How the suite changes day-to-day work
Once the eval is wired up, every code change runs against it automatically. A prompt tweak, a retrieval threshold change, a tool addition: all get scored. If the score drops below baseline, the change doesn't merge.
This sounds bureaucratic. In practice it's the opposite. It's the thing that lets us move fast without breaking quality. Engineers can experiment freely because the suite is the safety net. Drift gets caught at PR time, not in production.
Common objections we hear
'Our use case is too custom for evals'
Every use case is custom. The eval suite is also custom. That's the point. The work is constructing the suite from your actual data, not finding a generic benchmark to use.
'We don't have enough data yet'
You don't need a million examples. A 200-interaction eval, hand-graded, gets you 80% of the value. We've seen teams stall for months trying to build the perfect eval set when 'good enough' would have shipped weeks ago.
'It's too expensive to run continuously'
A 200-item suite against Claude Sonnet runs about $3-8 per pass. Run it twice a day and on every PR. You'll spend less than a single bad incident costs to investigate.
What it costs to skip
Without an eval suite, you're flying blind. Quality changes will happen. Model providers ship updates, your prompts evolve, retrieval data shifts. You won't know whether things are getting better or worse. The first sign will be a customer complaint, and by then the damage is done.
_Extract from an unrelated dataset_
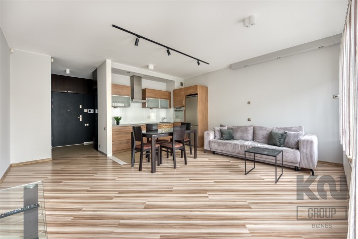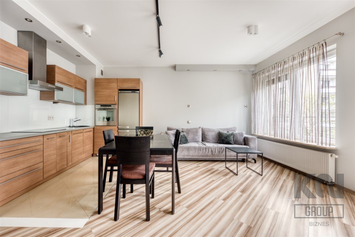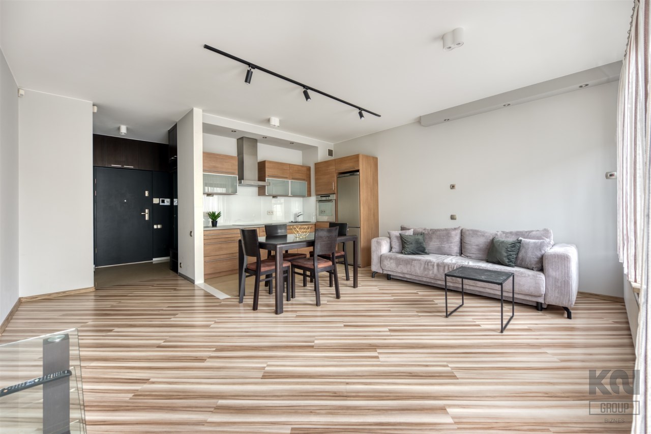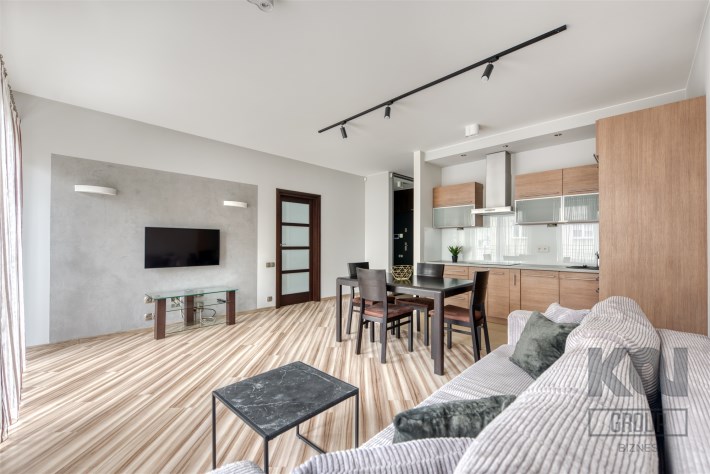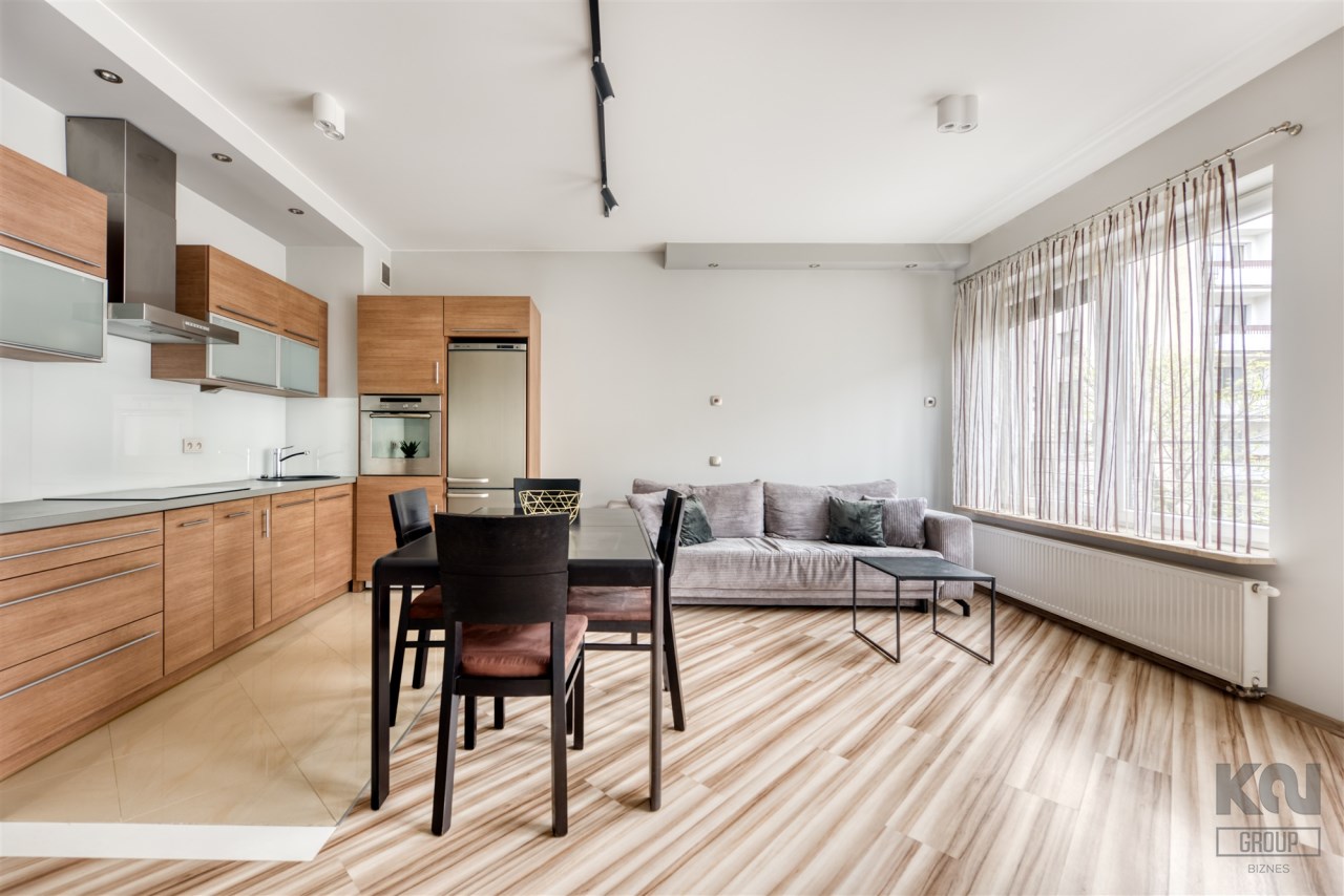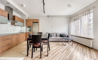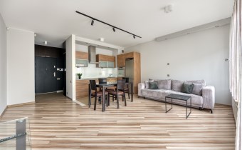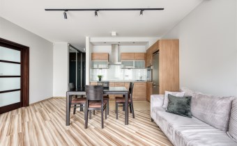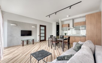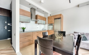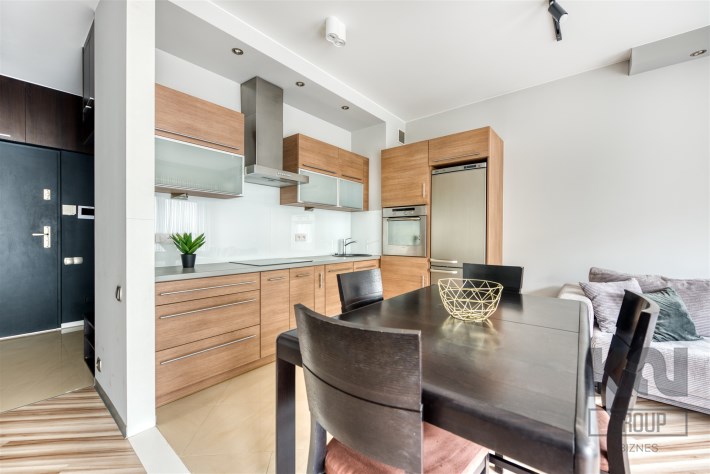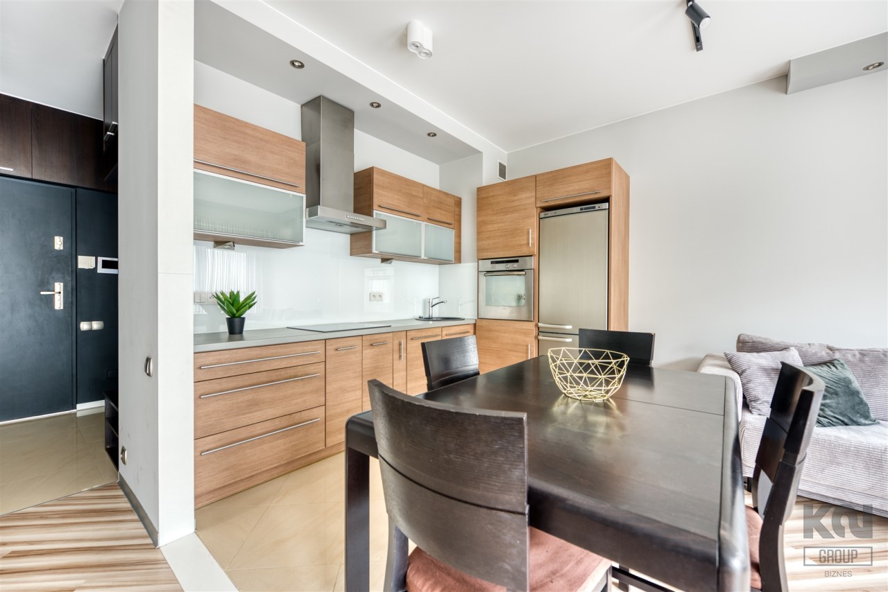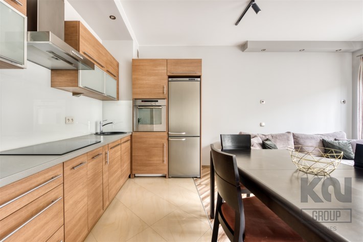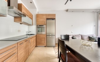 - kompletnie wyposażony aneks kuchenny (płyta indukcyjna, piekarnik, zmywarka, lodówko-zamrażarka);

Heads up:If you're considering an AI vendor and they don't talk about evals on the first call, walk. The vendors who skip this layer are the ones whose work fails six months in.
How to start
If you have an agent in production already and no eval suite, start here:
- ▸Pull 200 real conversations or queries from the last month
- ▸Get one or two domain experts to grade each one as 'good' / 'okay' / 'bad' with a one-line reason
- ▸Save them as a fixed test set in version control
- ▸Wire up a script that re-runs the agent against the set and produces a grade aggregate
- ▸Run it on every change and at least daily
That's it. You now have a real measurement of agent quality and a way to know when it changes. The fanciness comes later. The discipline comes first.